For more RSS services have a look at this page info.
#install the libraries if necessary
if(!require("tidyverse")) install.packages("tidyverse")
if(!require("XML")) install.packages("XML")
if(!require("jsonlite")) install.packages("jsonlite")
if(!require("sf")) install.packages("sf")
if(!require("rnaturalearth")) install.packages("rnaturalearth")
#packages for functions
library(tidyverse) #+plotting
library(XML)
library(jsonlite)
#packages for plotting
library(sf)
library(rnaturalearth)
#functions
source("meteo_daily_download.R") #meteo download
source("lightning_download.R") #lightning download
#station details
load("altabaja.RData")
load("idestaciones.RData")
load("idparametros.RData")The following tables include important details about station ids, longitude, latitude, operative stations, available variables, etc.
#stations id + latlon + place
str(idestaciones)## 'data.frame': 149 obs. of 8 variables:
## $ concello : chr "A CORUÑA" "A CORUÑA" "A CORUÑA" "ABEGONDO" ...
## $ estacion : chr "Coruña-Torre de Hércules" "Coruña-Dique" "Coruña-Bens" "Mabegondo" ...
## $ idEstacion: int 10157 14000 14010 10045 14003 10144 19005 19012 10095 10800 ...
## $ lat : num 43.4 43.4 43.4 43.2 43.3 ...
## $ lon : num -8.41 -8.37 -8.44 -8.26 -8.53 ...
## $ provincia : chr "A Coruña" "A Coruña" "A Coruña" "A Coruña" ...
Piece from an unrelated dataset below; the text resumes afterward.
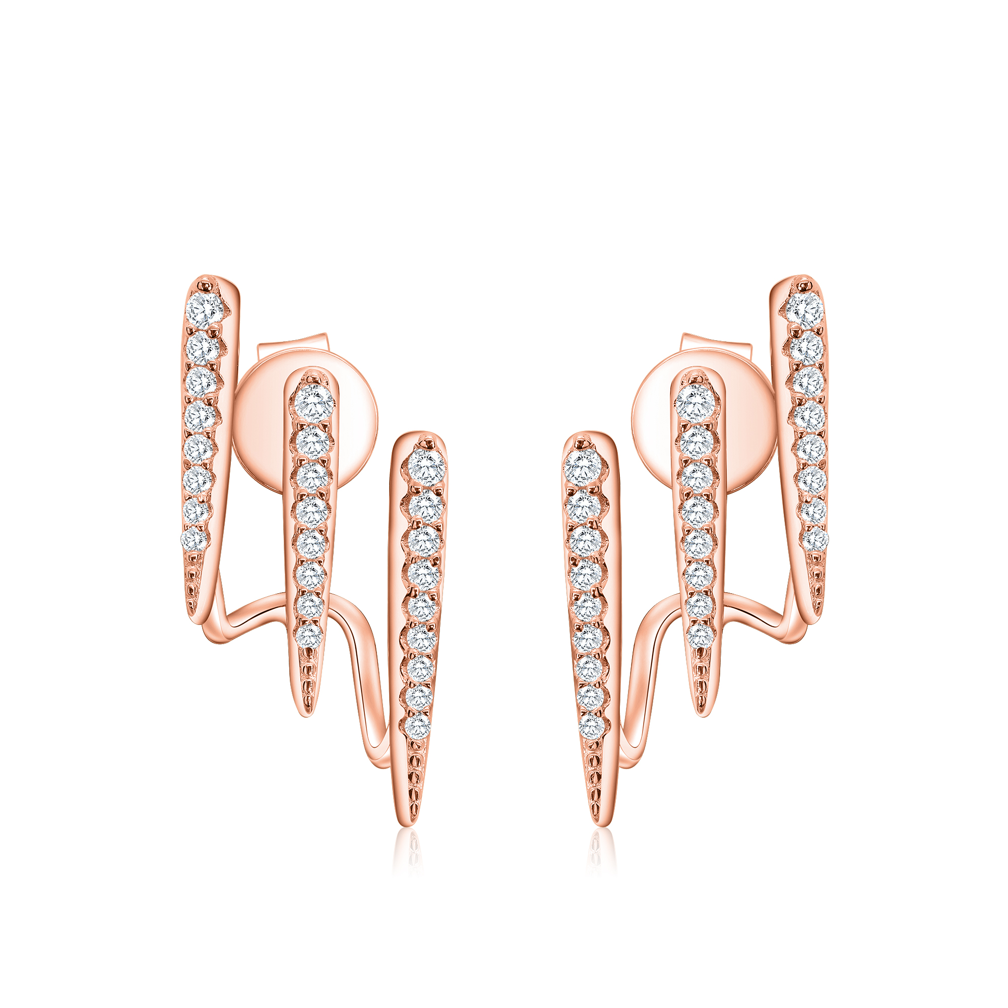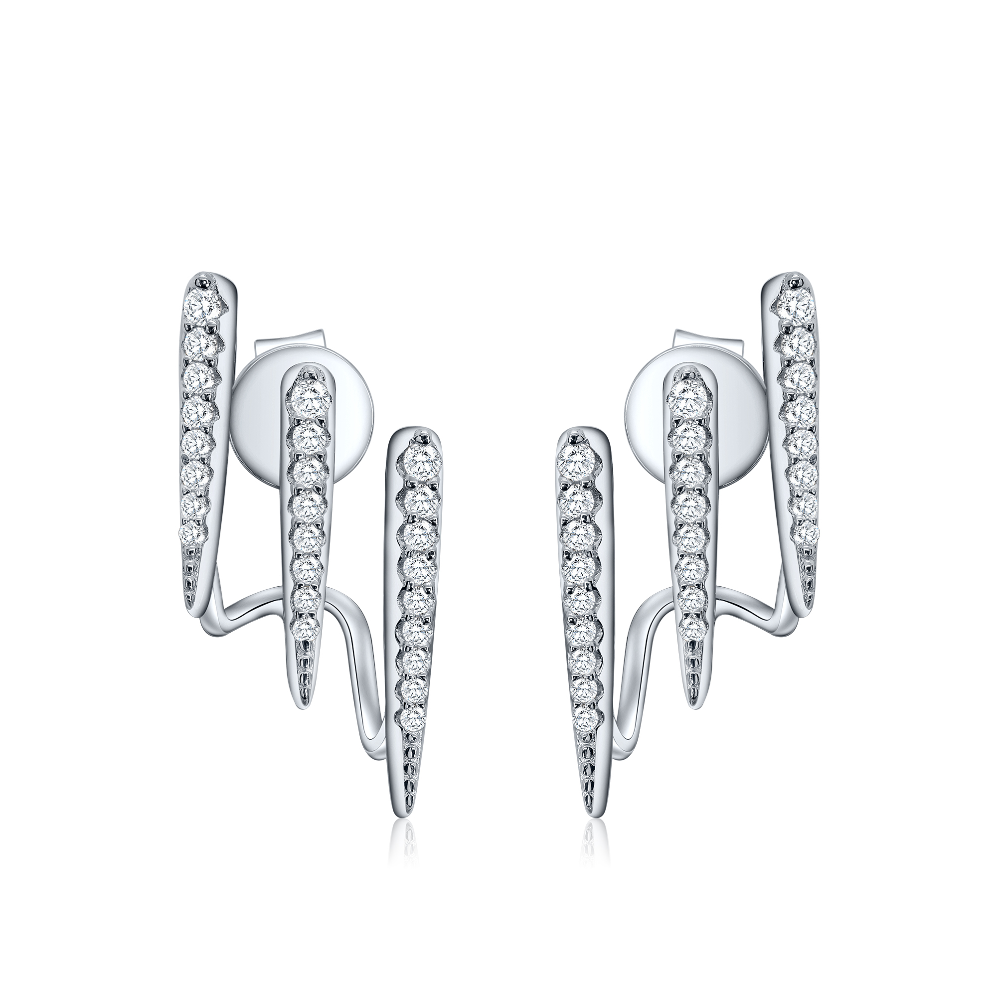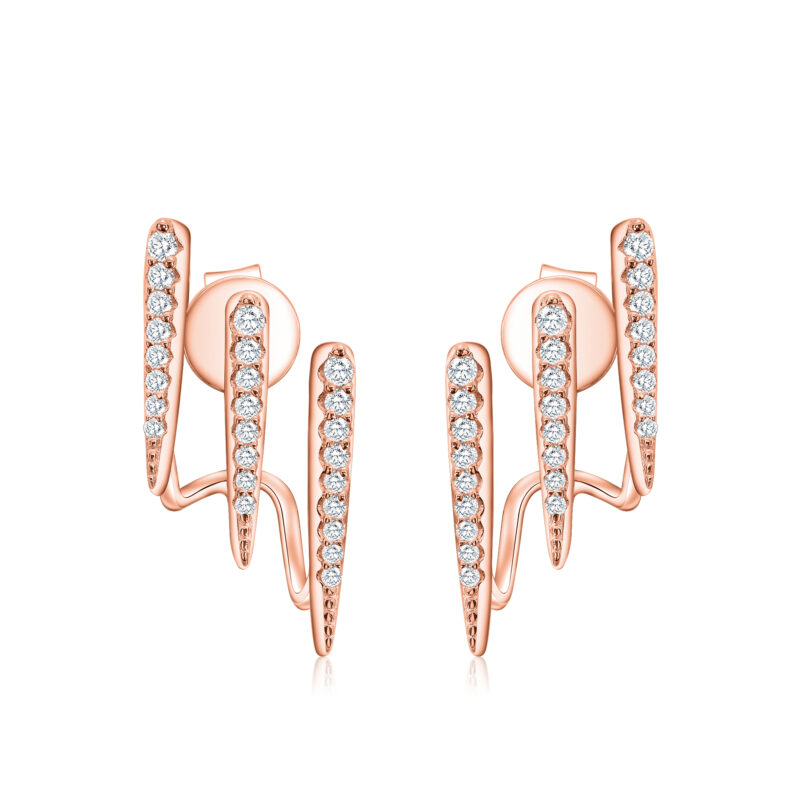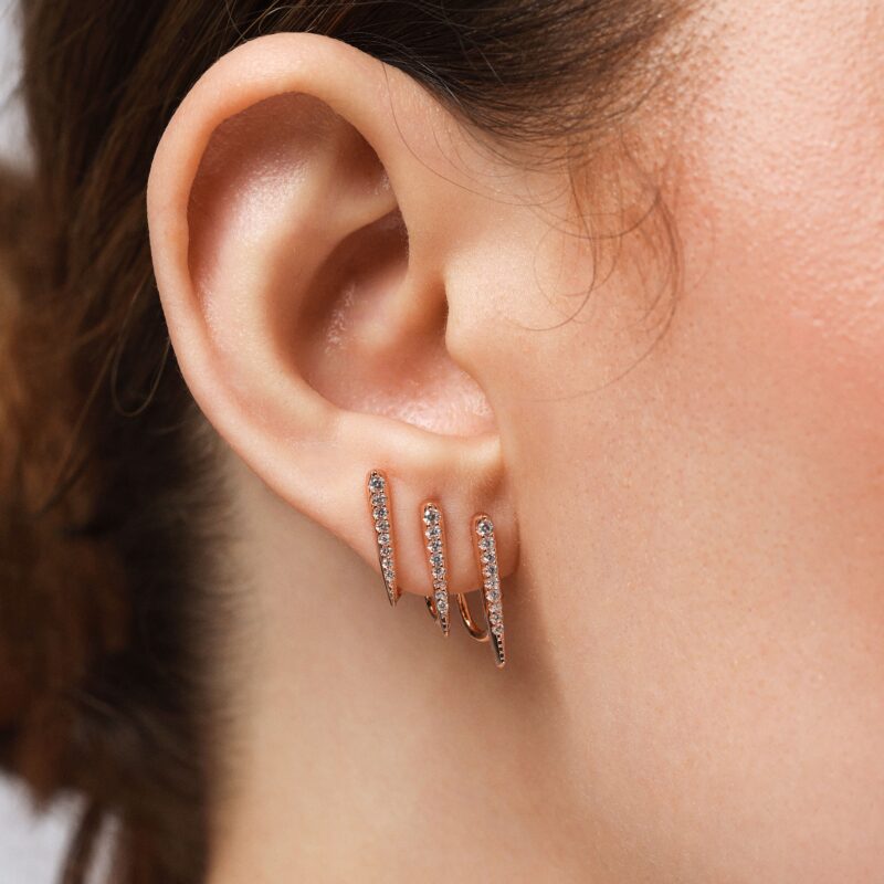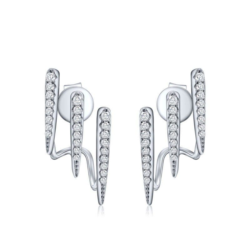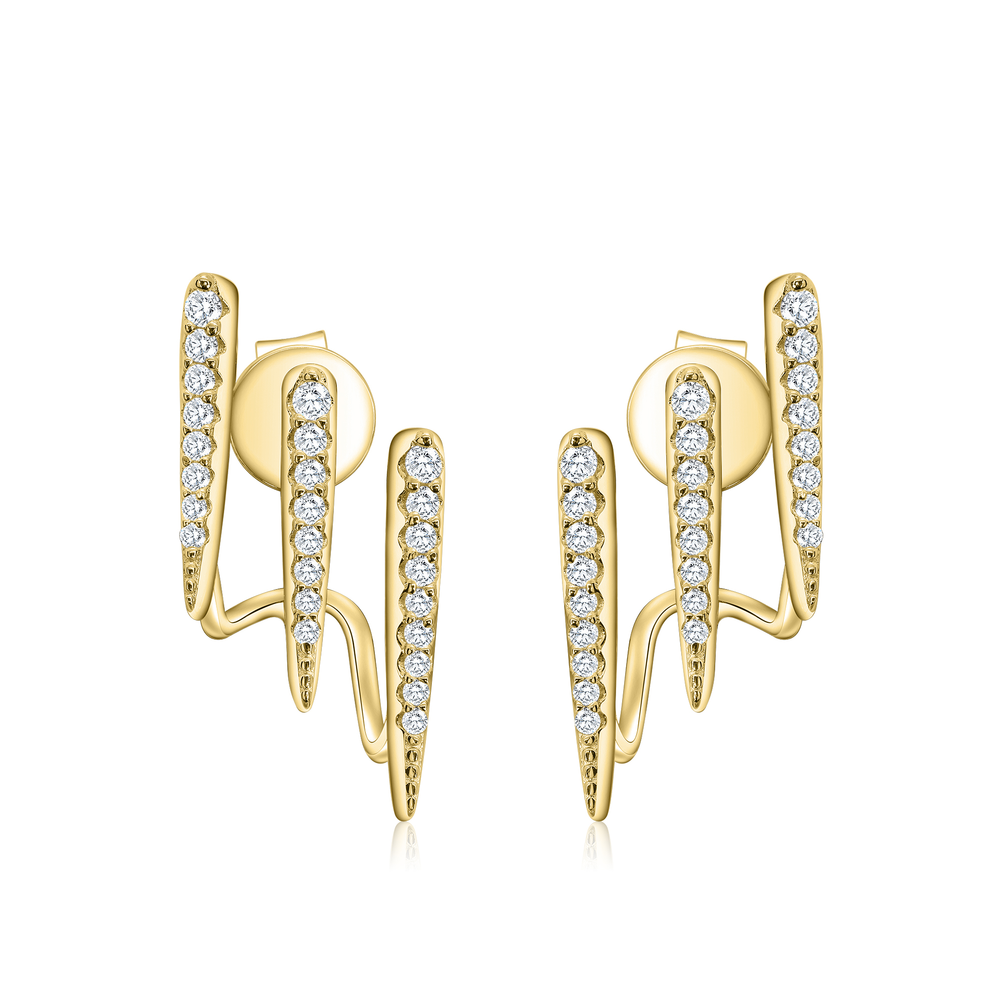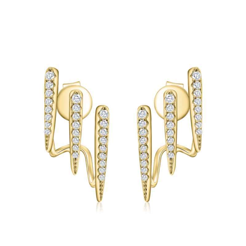 Élégance minimaliste et éclat discret se rencontrent dans ces boucles composées de trois barres fines serties de Diamelite 5A. Leur design épuré en argent trempé or en font un bijou moderne, à porter au quotidien ou pour sublimer une tenue de soirée.

## $ utmx : chr "547855.0" "550664.0" "545224.0" "559899.0" ...
## $ utmy : chr "4803491.0" "4801545.0" "4801320.0" "4787883.0" ...
#information about which stations are operative (FechAlta: from, FechaBaja: to)
str(altabaja)## 'data.frame': 171 obs. of 4 variables:
## $ IdEstacion : num 10045 10046 10047 10048 10049 ...
## $ NombreEstacion: Factor w/ 171 levels "A Armenteira",..: 86 88 119 103 51 47 100 36 71 89 ...
## $ FechaAlta : Date, format: "2000-01-18" "2000-02-03" ...
## $ FechaBaja : Date, format: NA NA ...
#id_names for all available variables
str(idparametros)## 'data.frame': 2900 obs. of 14 variables:
## $ ID : chr "ID10157" "ID10157" "ID10157" "ID10157" ...
## $ codigoParametro : chr "%INS_RATIO_1.5m" "BH_SUM_1.5m" "DV_CONDICION_10m" "DVP_MODA_10m" ...
## $ lnCodigoValidacion: int 1 1 1 1 1 1 1 1 1 1 ...
## $ nomeParametro : chr "Insolación" "Balace hídrico" "Dirección do refacho a 10m" "Dirección do vento predominante a 10m" ...
## $ unidade : chr "%" "L/m2" "º" "º" ...
## $ valor : num 39.8 -2.81 220 225 2.81 ...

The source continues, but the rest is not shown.